Einstufung Blitzeinschläge:
  • S1 – Blitzeinschlag direkt in das Gebäude
  • S2 – Blitzeinschlag neben das Gebäude
  • S3 – Blitzeinschlag direkt in die Versorgungsleitung
  • S4 – Blitzeinschlag neben die Versorgungsleitung

 

Einstufung Schadensart:
  • D1 – Elektrischer Schock
  • D2 – Feuer, Explosion
  • D3 – Ausfall von elektrischen/ elektronischen Systemen

 

Einstufung Schadensursache:
  • L1 – Verletzung oder Tod von Personen
  • L2 – Verlust von Dienstleistungen für die Öffentlichkeit
  • L3 – Verlust von Kulturgüter
  • L4 – Wirtschaftlicher Verlust

 

Äußerer Blitzschutz

Bei den Maßnahmen zum äußeren Blitzschutz geht es darum, dass der Blitz am direkten Einschlag in das Gebäude gehindert wird um mechanische, thermische oder chemische Schäden zu vermeiden.

 

Innerer Blitzschutz

Bei den Maßnahmen zum inneren Blitzschutz soll verhindert werden, dass es in Folgen einer Überspannung zu einer gefährlichen Situation für die Personen im Gebäude kommt. Des Weiteren werden durch die technischen Maßnahmen elektrische und elektronische Geräte vor Schäden bei Überspannung geschützt.

Wird ein Blitzschutzsystem an und in einem Gebäude installiert, müssen sowohl der Äußere und der Innere Blitzschutz berücksichtigt werden. Wird ein Teil nicht durchgeführt, ist das Schutzkonzept nicht mehr voll wirksam.

Bei der Planung für ein Blitzschutzsystem wird zuerst die Blitzschutzklasse festgelegt, die wie schon anfangs erwähnt vom Verwendungszweck des Gebäudes abhängt. Daraus ergeben sich dann die zutreffenden Maßnahmen und Berechnungsgrundlagen.

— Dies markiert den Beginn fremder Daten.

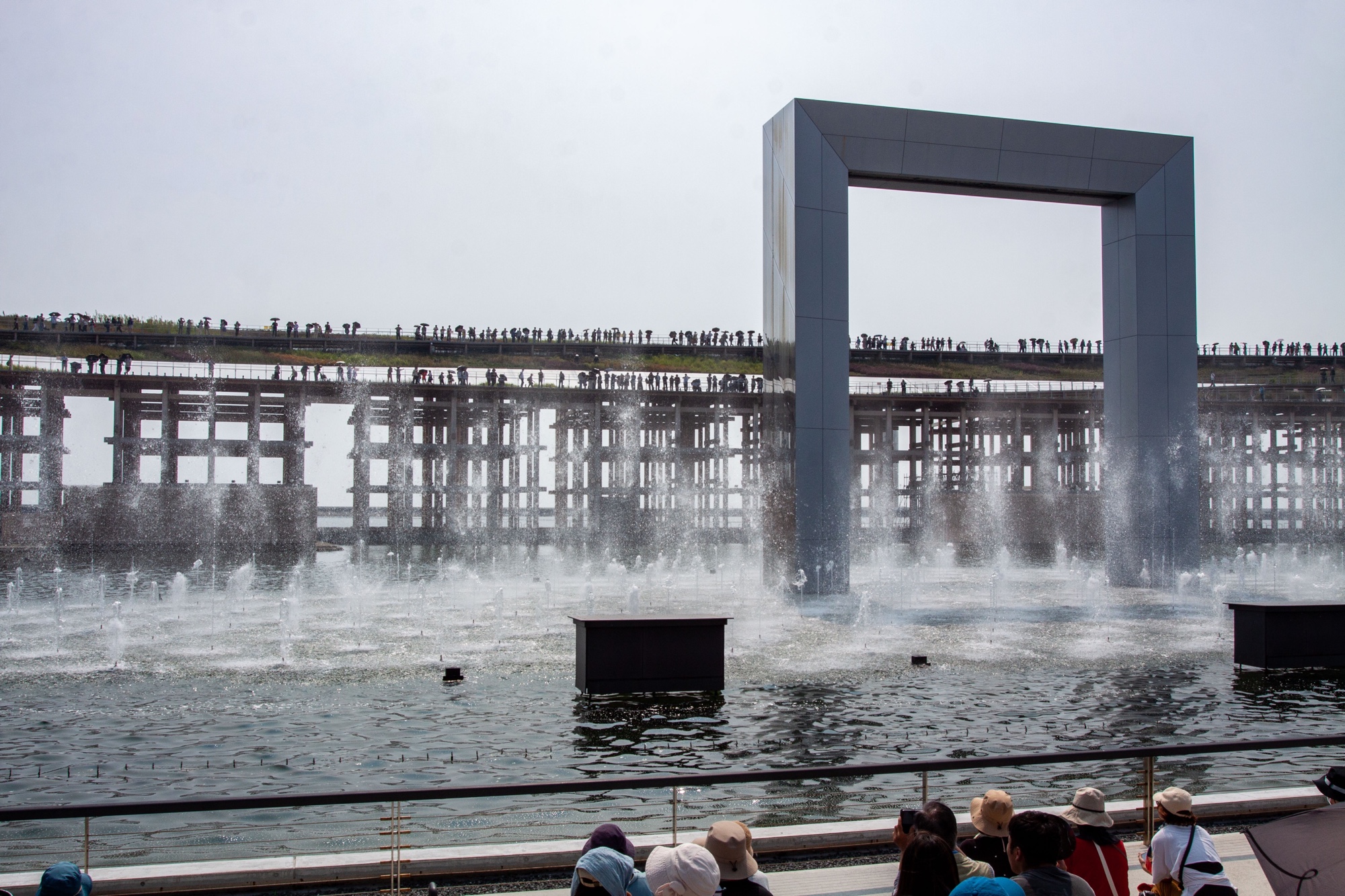Vue sur la Water Plaza entourée par le Grand Anneau.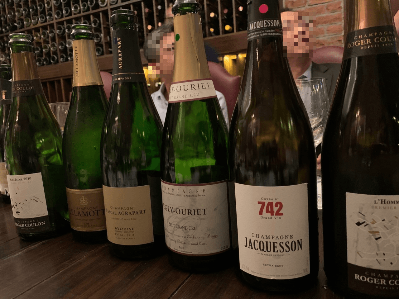 Afin de tester notre nez et nos papilles après ces explications fort intéressantes, six champagnes de différents terroirs, différents raisins et différentes teneurs en sucre nous ont été servis, sans en voir l’étiquette. Comme vous pouvez le voir, ils sont servis dans des verres et pas dans des flûtes. Stéphanie nous explique que la flûte est trop étroite pour pouvoir sentir le champagne avec tout son arôme. Tan Ying Hsien, notre « Master of Wine » s’est également prêté au jeu en nous décrivant ses impressions au fur et à mesure de ses dégustations. L’exercice n’était facile pour personne, même pour lui, mais nous avons passé un excellent moment organisé par Voilah!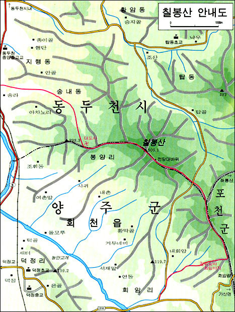 대도사 코스는 봉양사거리에서 북쪽 동두천 방면으로 약 1.5km 거리인 송내동 송내상회가 산행기점이다.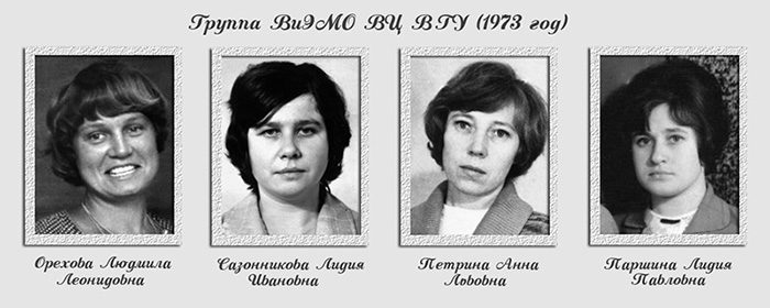 Когда-то молодыми девчонками, закончившими университет, пришли они работать программистами на вычислительный центр ВГУ. Профессия им нравилась, работать было интересно. Отрасль электронных вычислительных машин в 70-е годы XX-го столетия начинала стремительно развиваться. Программирование переходило с кодов на алгоритмические языки, начинали внедряться первые операционные системы. С ЭВМ приходило так называемое математическое обеспечение (операционная система, трансляторы с алгоритмических языков, библиотека стандартных программ и т.д.). Для работы с ними изначально и организовывалась группа «Внедрение и эксплуатация математического обеспечения (ВиЭМО)». Вот эта группа под руководством Семеновой Зинаиды Петровны и состояла из четырех молодых программисток.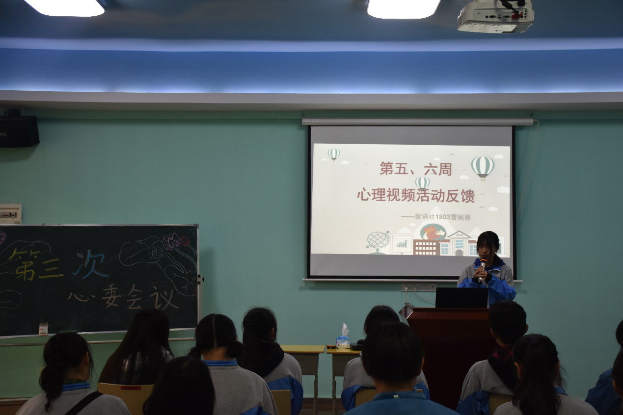 最后,曹婉菁总结了第4、5周心理视频宣传活动,大部分心委都积极组织了心理视频宣传活动,并引导学生思考视频内容,从中获得某方面的心理健康知识。
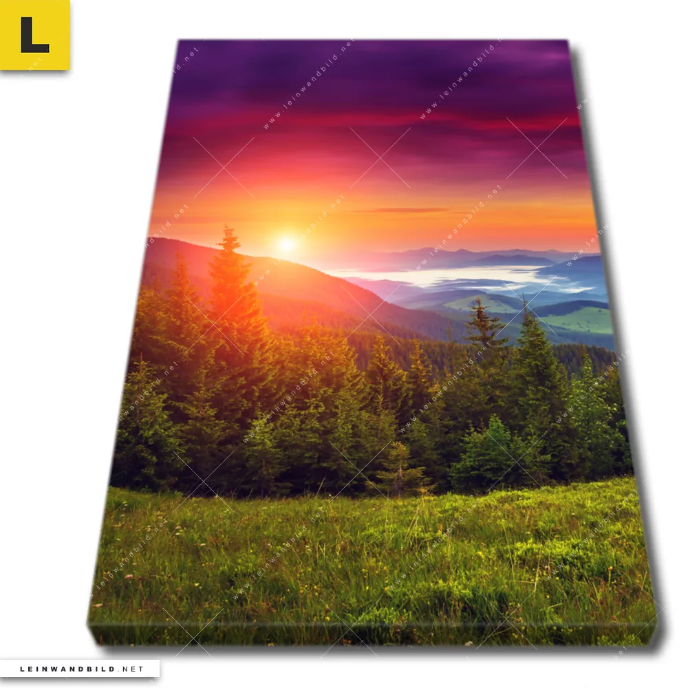 Du konfigurierst Dein individuelles Leinwandbild | Wald bei Sonnenuntergang | Hochformat und wir produzieren es NEU für Dich. Unsere Landschaften, Wald - Bäume Leinwände sind KEINE Lagerware. Du bist Dir unsicher, welches Motiv oder Format das richtige für dein individuelles Keilrahmenbild ist, dann helfen wir dir gerne weiter und beraten dich!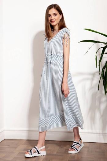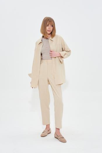 Жилет льняной полуприлегающего силуэта без рукавов. Полочка с центральной застежкой на завязки и крючок, с 2-мя вертикальными вытачками от низа для лучшего прилегания изделия. Спинка с вертикальной вытачкой от низа и центральным швом. Жилет на подкладке из хлопка.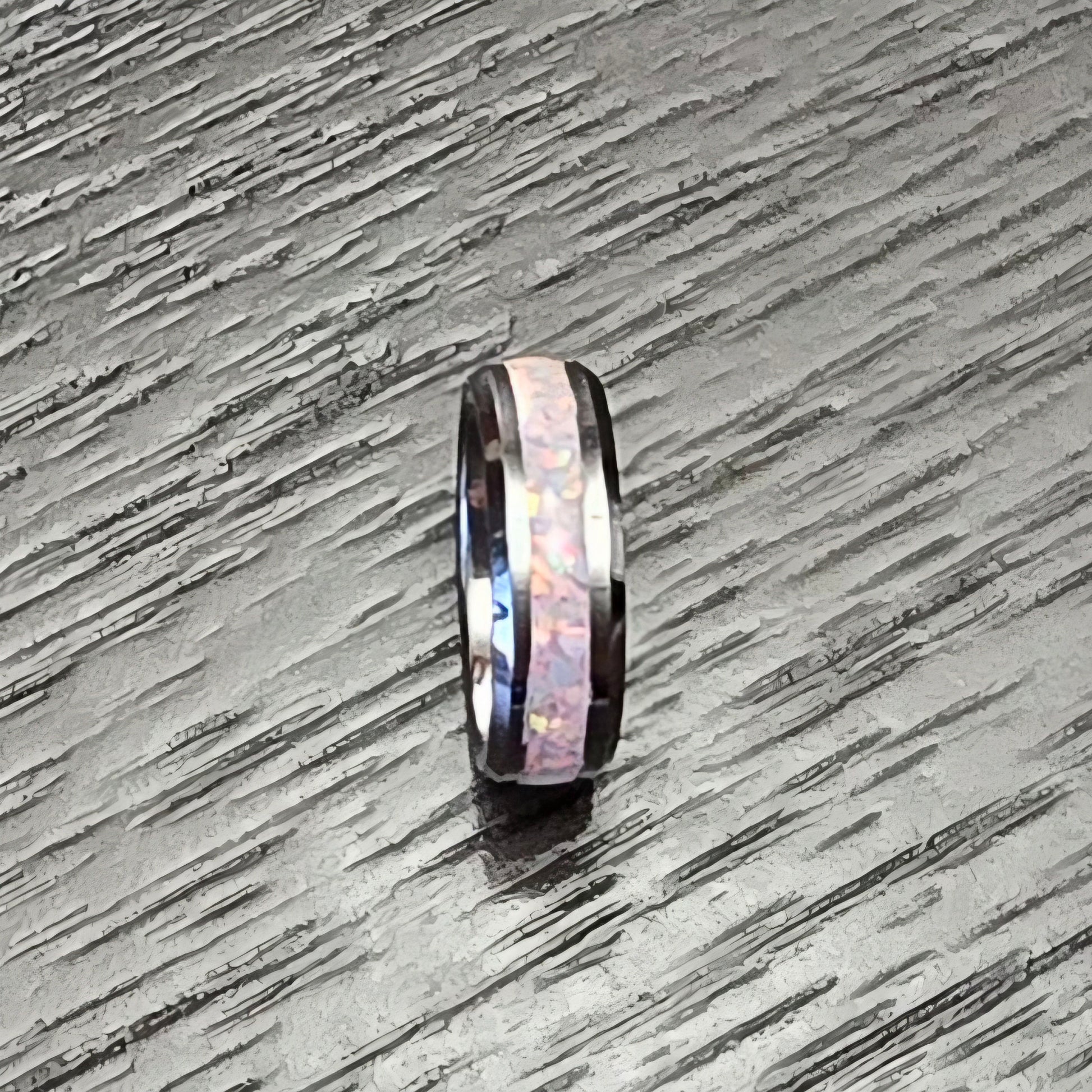 6mm tungsten ring, inlayed with lavender opals, size 4.5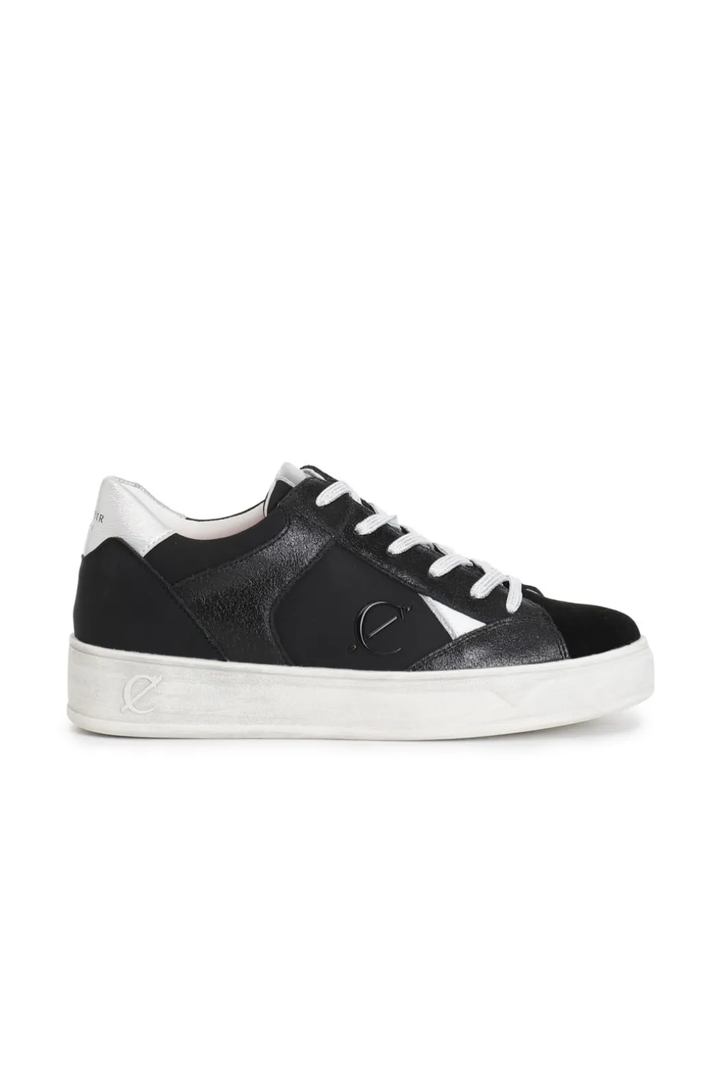 Sneakers da donna in pelle e pelle scamosciata con riporti effetto vernice e metallico. logo embossed laterale con monoframma cafènoir. calzatura dalla forma stondata. chiusura con lacci. fussbett interno. suola a cassetta 30mm.

Nach welchen Verfahren die Position der Fangeinrichtung ermittelt wird, hängt davon ab wie die Struktur des Gebäudes aussieht.

 

Maschenverfahren

Dieses Verfahren kommt bei Hallen ohne Dachaufbauten zur Anwendung. Man kann es sich vorstellen wie ein Netz, das über ein Gebäude gelegt wird. Dabei gibt die Maschenweite den maximalen Abstand zwischen den Maschen wieder. Es ist darauf zu achten, dass dabei an den Gebäudekanten eine Maße liegt.

 

Blitzschutz Einfamilienhaus
Blitzableiter

 

Schutzwinkelverfahren

Dieses Verfahren eignet sich für einen Schornstein. Hierbei wird ein Mast senkrecht montiert. An der Spitze des Mastes wird eine Fangstange befestigt.

 

Blitzkugelverfahren

Bei mehreren Gebäuden oder vielfältigen Dachaufbauten kommt dieses Verfahren zum Einsatz. Es ist einfacher als jeden einzelnen Winkel separat zu berechnen.

Neben der Ermittlung, welche Maßnahme am Gebäude durchgeführt wird, sollte auch eine Risikoberechnung durchgeführt werden. Diese sagt aus ob die Maßnahme ausreichend ist. Wird dabei festgestellt, dass ein Risiko zu groß ist, muss entschieden werden mit welchen Maßnahmen das Risiko zu senken ist.

Wird die Anlage errichtet, gibt es noch weitere Vorschriften wie die richtige Ausführung auszusehen hat.

Es sind Trennungsabstände zwischen den außen am Gebäude montierten Ableitungen und dem im Gebäude befindlichen Metallteilen einzuhalten. Dieser Abstand richtet sich nach dem Blitzstromscheitelwert, dem Isolierwert zwischen inneren Metallteilen die mit dem Potentialausgleichs -System verbunden sind, der Anzahl der Ableitungen und dem Widerstandswert der Ableitung von der betroffenen Stelle bis in das Erdreich. Werden diese Werte verrechnet erhält man den Trennungsabstand.

Der Blitzstrom wird in das Erdreich mit sogenannten Tiefenerdern oder Ringerdern abgeleitet. Bei diesen Erdern ist zu beachten, dass sie nach DIN 18014 auszuführen sind. Sie dürfen nur durch eine Fachkraft errichtet werden und es muss entweder mit Kupfer oder Edelstahl V4A gearbeitet werden.